Wednesday, September 24, Ram’s Head Live is proud to welcome Built to Spill and Meat Puppets, two offshoots of the 2008 All Tomorrow’s Parties Festival, which has probably gone down as having the most stacked lineup of a festival in recent rock music history.  Built to Spill will perform their 1997 Warner Brothers debut, Perfect from Now On, in its entirety, certainly the most musically demanding item in their repertoire.  There’s no word yet on whether Meat Puppets will play through Meat Puppets II as they did at ATP fest, but either way the show should be a treat.

Built to Spill is quite simply one of my favorite bands ever.
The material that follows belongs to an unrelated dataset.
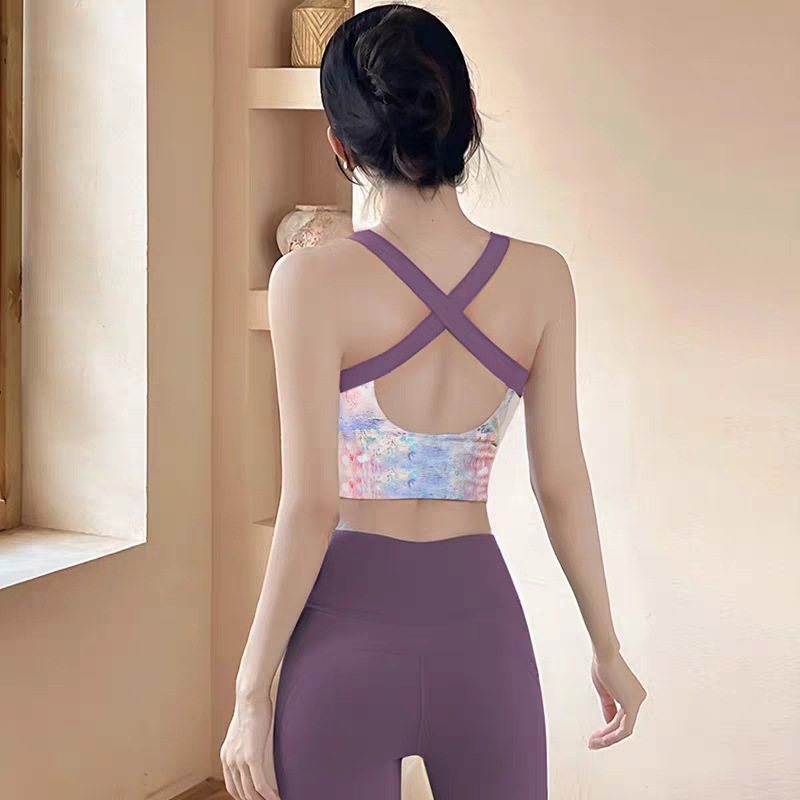Новый тренд принт спортивное нижнее белье женское заднее кроссовер дизайн сексуальная красота спина с нагрудным ковриком короткий жилет
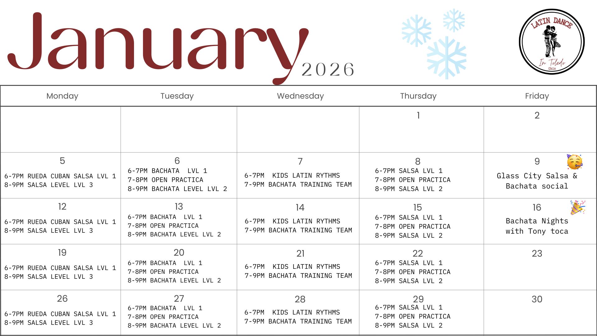 Dive into the fun at our Salsa and Bachata events and socials! Perfect for all levels, from beginners to advanced. Enjoy monthly our montly Salsa and Bachata in Toledo. Connect, learn, and celebrate the joy of Latin Dances. Check our calendar and join us on the dance floor!

I’ve seen them more than any other artist and every time has been spectacular.  They manage to sound just as good live as they do on record, which is impressive given the levels of layering that occur on the albums.  Perfect From Now On, with its constantly mutating guitar parts and shifting dynamics, is one of the more technically accomplished slabs of indie rock to come out of an era when scribble and slop ruled the genre.  Their attention to detail and knowledge of pop melody was the bedrock upon which Death Cab for Cutie and Modest Mouse built a modicum of commercial success, but certainly Doug Martsch’s matter-of-fact lyrical treatments, which often reduce complex emotional states to syllogisms, were a signpost for a generation which for better or worse tended to roll its eyes at Gen X’s existential anxiety.
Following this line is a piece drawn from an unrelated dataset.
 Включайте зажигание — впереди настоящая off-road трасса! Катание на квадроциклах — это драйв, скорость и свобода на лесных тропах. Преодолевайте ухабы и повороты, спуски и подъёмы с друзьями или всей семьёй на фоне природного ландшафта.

If there’s an album which deserves to be appreciated from front to back, Perfect from Now On is the one, although the choice to undertake this kind of tour now is intriguing given the band’s recent attempts at making looser, jammier, songs, even reggae music.  From the Milton-esque extended metaphor about the afterlife known as “Randy Describes Eternity” to the climactic, swirling darkness of “Untrustable/Part 2 (About Somebody Else)” the album is at once their most impressive and their most difficult and labyrinthine.  The songs range from five to nine minutes long, either eschewing entirely the notion of return or jamming on one riff for the entirety of the song.  The lyrics catch Martsch at his most reflective and bittersweet–but still he gives us more epistemology than lyric poem.  While the songs dont exactly from a cycle, there is the sensation of having been on a journey after all the logical and musical twists and turns as the singer asks with a wink, “how many ideas can fit into your reality?”
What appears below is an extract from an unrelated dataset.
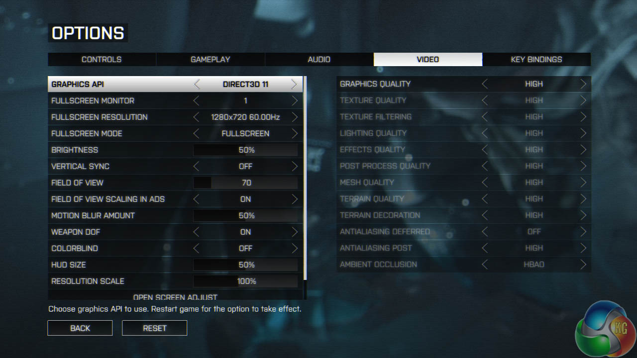 We selected 1280×720, with 8MSAA and the ULTRA profile.

I’ve seen Meat Puppets twice, and they are remarkable musicians.  Even if you have a hard time swallowing the acid-punk-country melange, their confidence on stage matches the headliners and they tend to have a lot of fun with the set.  Curt Kirkwood has some of the fastest, most precise fretwork in indie rock music as younger brother Chris stomps around the stage still looking like some deranged PTSD Vietnam vet.  The show should be a unique pairing of heavyweights well worth the price of admission.  While there are a ton of musical dinosaurs still playing live for whatever reason, these two do not disappoint, and anyone who hasn’t gotten to experience their offerings should catch up on what they’ve been missing.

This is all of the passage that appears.